Marta Garrote y Antonio Moreno-Sandoval (LLI-UAM)
Antonio Moreno-Sandoval <antonio.msandovaluam.es>
Systemized process to collect both spontaneous speech and written corpora composed of the following stages (each stage is manually revised by more than one person):
- Preliminary design considering participants, their socio-linguistic features (age, gender, demographics, linguistic origin, education, etc) and the communicative context. This information may be modified depending on the goals of the study. This design may also be modified according to the variables consiered in the study.
- Data collecting (recording, video captures, editing, etc.)
- Orthographic transcription (both normative and real speech).
- Prosodic annotation, marking pauses, vocal lengthening, overlaps, interruptions, intonation, etc.
- Alignment of text-sound units in utterances.
- Semi-automatic morpho-syntact c annotation (part-of-speech and lemmas).

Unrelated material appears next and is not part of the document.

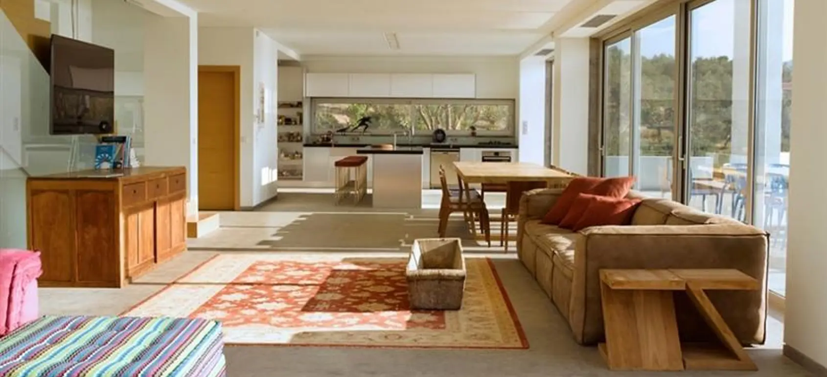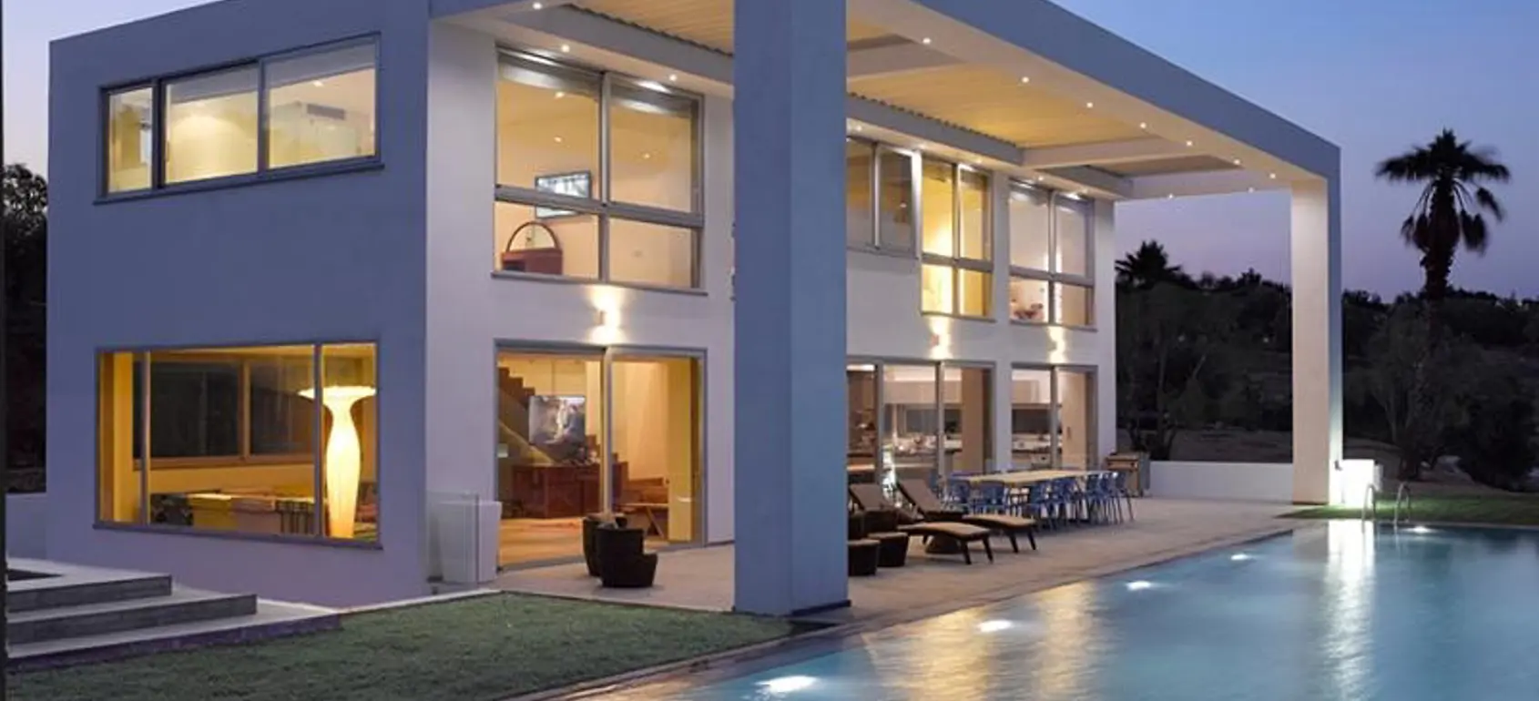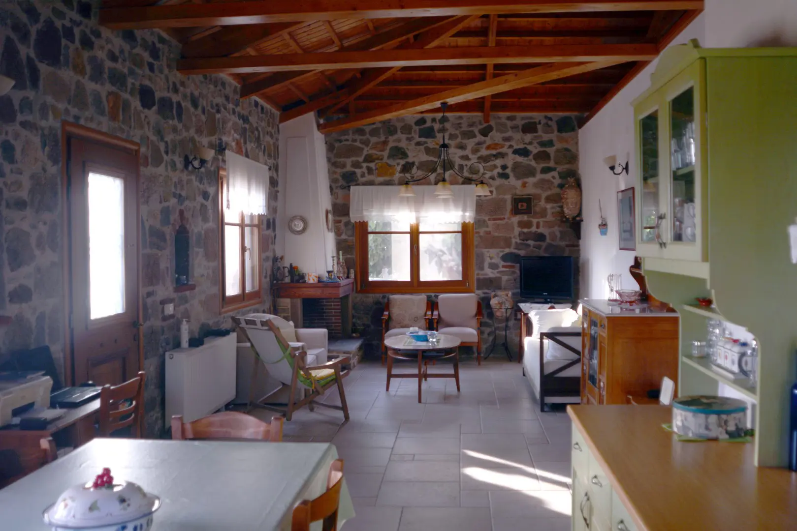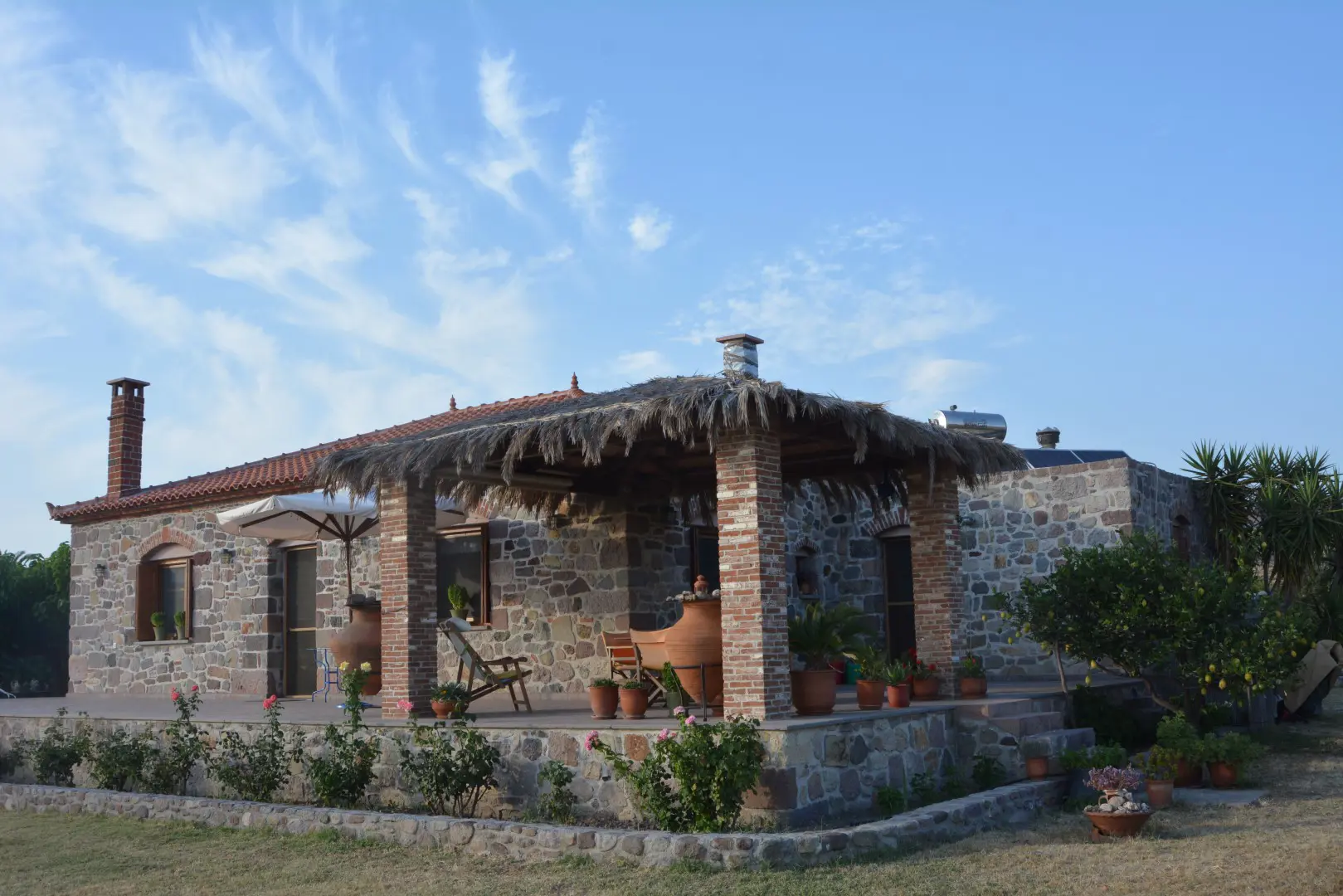 The modernly designed villa comprises of 2 floors and a lower-ground level with 5 bedrooms and 6 full bathrooms, totaling over 500 sq. meters. The villa is situated in a 4,000 sq. meter of garden and terrace garden, featuring a half size Olympic pool, jacuzzi and a private pathway to the sea and floating dock. The villa is just 30 meters away from the Aegean seafront and 25 minutes away from Mitilini Airport. Due to its superb location, offers the possibility to anchor any sized yacht in any sea condition, in that bay, right in front of the property. The Villa’s water supply comes from its own well. It comes fully furnished and equipped with top of the line appliances and amenities. The villa has been constructed to the highest standard using the most luxurious decor, fittings and fixtures. The interior is furnished with contemporary high end furniture and bright decor. The huge living space is extremely well equipped with the latest technology. This includes satellite TV, high speed Wifi, security alarm, oversized kitchen appliances, BBQ. Each room has its own temperature controlled a.c through a central system. The infinity pool is catered for both professional sports training as well as recreational swimming. The water is 40% sea water and 60% sweet water. There is no need to add any chemicals as the pool system produces a natural chlorine effect from the salt of the seawater. Just by the pool there is a vast Jacuzzi that can accommodate up to 10 people. The villa overlooks the picturesque bay and the peninsula, behind spreads the Aegean Sea. The area is a coast-lined oasis in an olive forest, with beautiful views of lush green trees and sea-blue waters.

- Automatic phonological annotation.
Besides the possible application of these data collections, this methodology allows automatic information processing and retrieval at each linguistic level, since all annotations are standardized using XML.
The complete process involves different technologies such as word sense disambiguation, part-of-speech tagging and lemmatization.
This is a service accessible after signing an agreement or contract with LLI-UAM.
This service is presented as a result of different R&D projects. Each project focused on the development of one level of analysis, obtaining a complete toolkit. The added value is the systemized methodology that has been successfully proved in the elaboration of different customized corpora.
The work has been mainly supported by public funding through research projects. The methodology was acquired during the C-ORAL-ROM corpus, a EU-funded project of the 5FP.
- Cresti, E. Moneglia, M .(eds). 2005. C-ORAL-ROM: Integrated Reference Corpora for Spoken Roman Languages. Amsterdam. John Benjamins.
- Garrote. M. CHIEDE: Corpus de habla infantil espontánea del español. PhD Dissertation. Universidad Autónoma de Madrid. 2008.